Surat Perintah Penangkapan oleh ICC untuk Pemimpin Taliban

Surat Perintah Penangkapan oleh ICC untuk Pemimpin Taliban

urbanvibe.id – Mahkamah Pidana Internasional (ICC) telah mengeluarkan surat perintah penangkapan terhadap dua pemimpin tertinggi Taliban. Hal ini terkait dugaan penganiayaan sistematis terhadap perempuan dan anak perempuan di Afganistan sejak Taliban mengambil alih kekuasaan pada Agustus 2021.

Surat perintah tersebut muncul setelah adanya penilaian yang menunjukkan potensi kejahatan kemanusiaan yang dilakukan oleh Taliban selama periode tersebut. ICC menyatakan bahwa tindakan ini bertentangan dengan hak asasi manusia yang mendasar.

Tuduhan Terhadap Petinggi Taliban

Menurut ICC, terdapat bukti yang menunjukkan keterlibatan pemimpin spiritual Taliban, Haibatullah Akhundzada, dan Ketua Mahkamah Agung, Abdul Hakim Haqqani, dalam penganiayaan berbasis gender. Ini mencakup tindakan yang merampas hak mendasar perempuan dan anak perempuan.

ICC mengecam Taliban karena secara spesifik menargetkan perempuan dan anak perempuan, serta merusak hak-hak mereka dalam berbagai aspek, termasuk pendidikan dan kebebasan bergerak. Hakim ICC menyoroti pentingnya hak atas pendidikan dan privasi dalam konteks ini.

Respons Taliban Terhadap Surat Perintah

Menanggapi surat perintah tersebut, Zabihullah Mujahid, juru bicara Taliban, menyebutnya sebagai ‘omong kosong’. Ia menegaskan bahwa keputusan ICC tidak akan mempengaruhi komitmen Taliban terhadap hukum Syariah.

Dalam pernyataannya, Mujahid menegaskan bahwa prinsip-prinsip yang dipegang Taliban dalam menjalankan pemerintahan tidak akan berubah, terlepas dari tekanan internasional.

Peran dan Fungsi ICC

Mahkamah Pidana Internasional bertugas mengadili kejahatan perang dan kejahatan terhadap kemanusiaan, meskipun tidak memiliki kekuatan untuk menegakkan hukum secara langsung. Kepatuhan terhadap surat perintah penangkapan ICC sangat tergantung pada negara-negara anggota yang seharusnya menahan individu yang terlibat.

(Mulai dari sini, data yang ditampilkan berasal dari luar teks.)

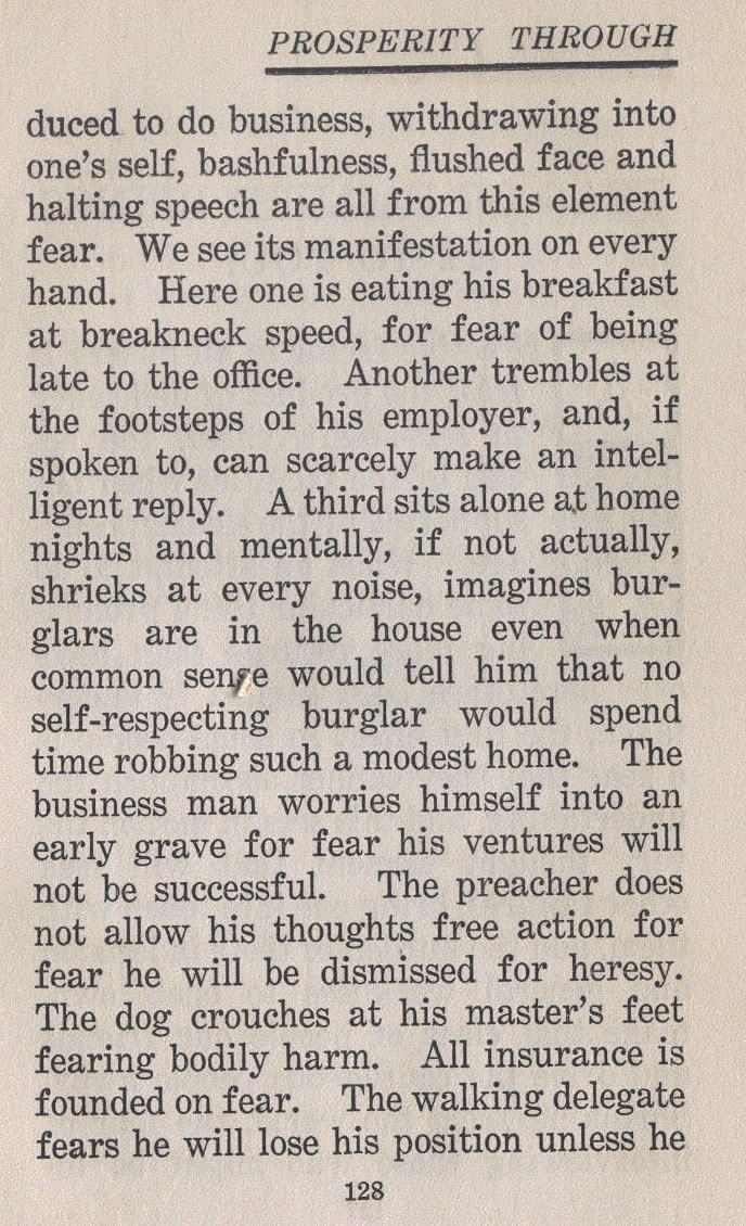 to do business, withdrawing into one's self, bashfulness, flushed face and halting speech are all from this element fear. We see its manifestation on every hand. Here one is eating his breakfast at breakneck speed, for fear of being late to the office. Another trembles at the footsteps of his employer, and, if spoken to, can scarcely make an intelligent reply. A third sits alone at home nights and mentally, if not actually, shrieks at every noise, imagines burglars are in the house even when common sense would tell him that no self-respecting burglar would spend time robbing such a modest home. The business man worries himself into an early grave for fear his ventures will not be successful. The preacher does not allow his thoughts free action for fear he will be dismissed for heresy. The dog crouches at his master's feet fearing bodily harm. All insurance is founded on fear. The walking delegate fears he will lose his position unless he

Sejak Taliban kembali berkuasa, berbagai pembatasan baru telah diberlakukan, termasuk larangan pendidikan bagi perempuan di atas tingkat enam dan pembatasan akses ke ruang publik. Hal ini semakin menekankan pentingnya perhatian internasional terhadap situasi hak asasi manusia di Afganistan.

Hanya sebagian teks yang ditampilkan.